Against all odds and institutional impediments, however, there are still a handful of important public military veteran dissenters, mostly retired, who remain in the arena. That I know nearly every single one personally and can count them on the fingers of both hands without the assistance of toes is undoubtedly a disconcerting indictment of the military wing of modern patriotic dissenters. Still, they exist. Andrew Bacevich was, I suppose, the first of the prominent post-9/11 “war on terror” skeptics. In that sense, he was an example, a motivator, and eventually a mentor to me and many other later-stage veteran dissenters.
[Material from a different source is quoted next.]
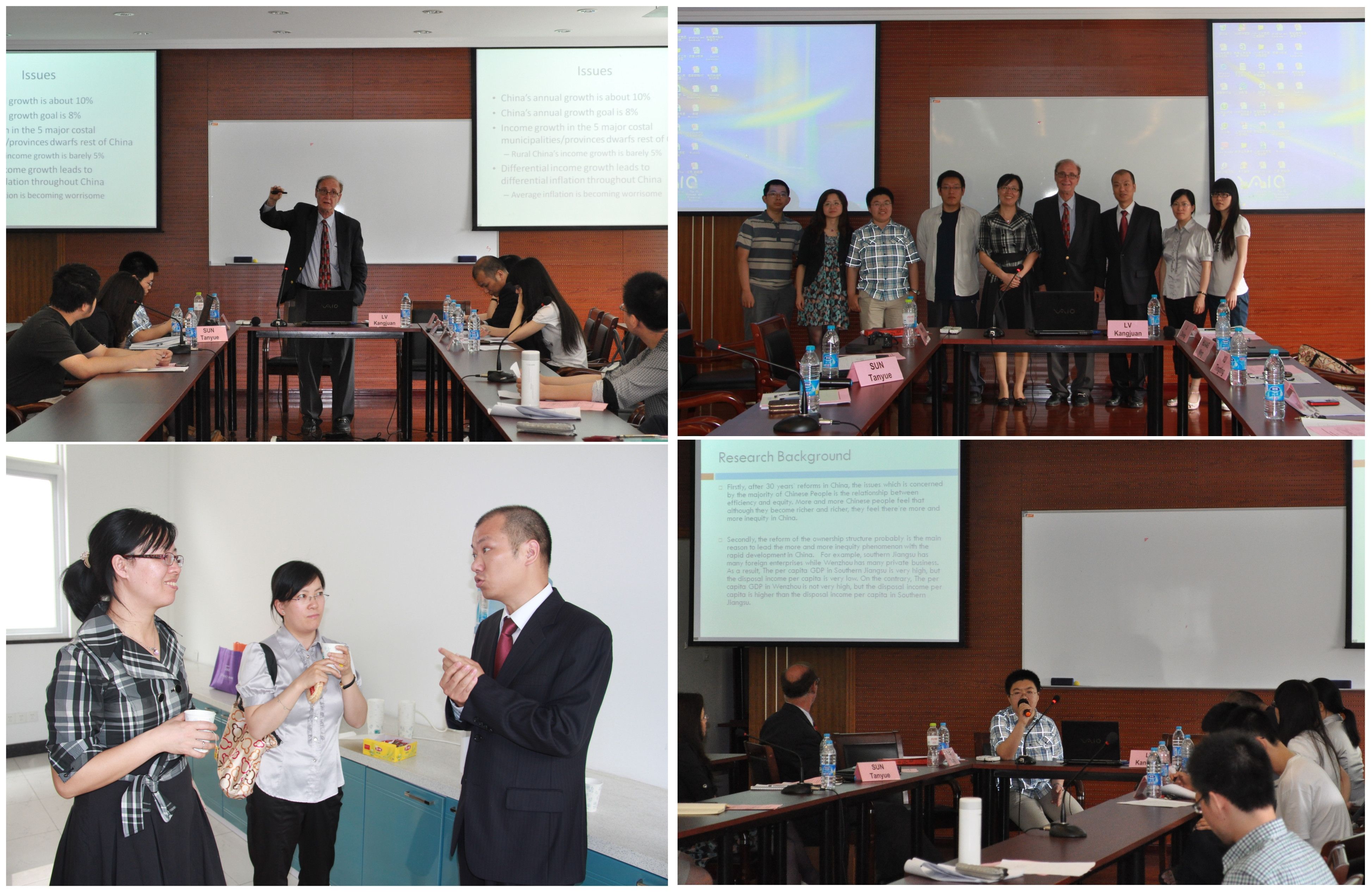 5月28日下午,由英国365上市公司主办的"China’s Economic Growth and Financial Markets" 国际研讨会在我院成功举办。研讨会关注目前中国的经济增长和金融市场,从不同的视角,探讨中国目前的宏观经济形势。我院副院长吕康娟教授、光大证券塔城路营业部总经理黄铭先生、奥克兰大学Ron Tracy教授、经济教研室计志英老师、孙覃玥老师以及悉商学生邓泰然、徐婷婷参加了研讨会并做主题演讲。来自英国365上市公司的学生也全程参加了此次研讨会。 吕康娟副院长英文致辞后,研讨会正式开始。会议议程分为中国经济展望和中美金融市场对比两部分。第一部分,大家主要从不同的视角分析中国的经济增长及存在的问题。奥克兰大学Ron Tracy教授以《Chinese Economic Growth: Short and Long Run Implications》为题主讲,随后黄铭总经理和孙覃玥老师从资本市场和实证分析角度就中国的宏观经济现状做了专业的英文演讲报告。 在第二部分,大家围绕中美金融市场的对比展开讨论。Ron Tracy教授针对美国金融市场的历史、现状及前景作研究报告,我院学生邓泰然、徐婷婷作为学生代表也分别用英文和大家分享了生产率对中国有效汇率的影响及股指期货价格发现功能的研究成果。大家对这一部分表现出了浓厚的兴趣,提问和讨论非常热烈。

The roll now includes other distinguished voices, such as Matt Hoh, who served as a marine and did two tours in Iraq before entering the State Department and then resigning from his post in opposition to Obama’s failed surge in Afghanistan. Matt, a dear friend now, nearly drank himself to death and even planned out his own suicide at one time.72 No one ever said the path of conscientious, patriotic dissent was easy. Retired Lieutenant Colonel Danny Davis, another colleague and now a friend, deployed four times—twice each to Iraq and Afghanistan—during a twenty-one-year career and then famously blew the whistle on the absurdity of the Afghan War upon his return from his final tour in 2012.73 A classical Republican of an older mold, Danny even occasionally appears on the rather mainstream Fox News to criticize America’s endless wars. Both Matt and Danny fit squarely within the long, storied tradition of veterans’ patriotic dissent; nonetheless, few Americans have heard of either of them, which is a tragic disgrace.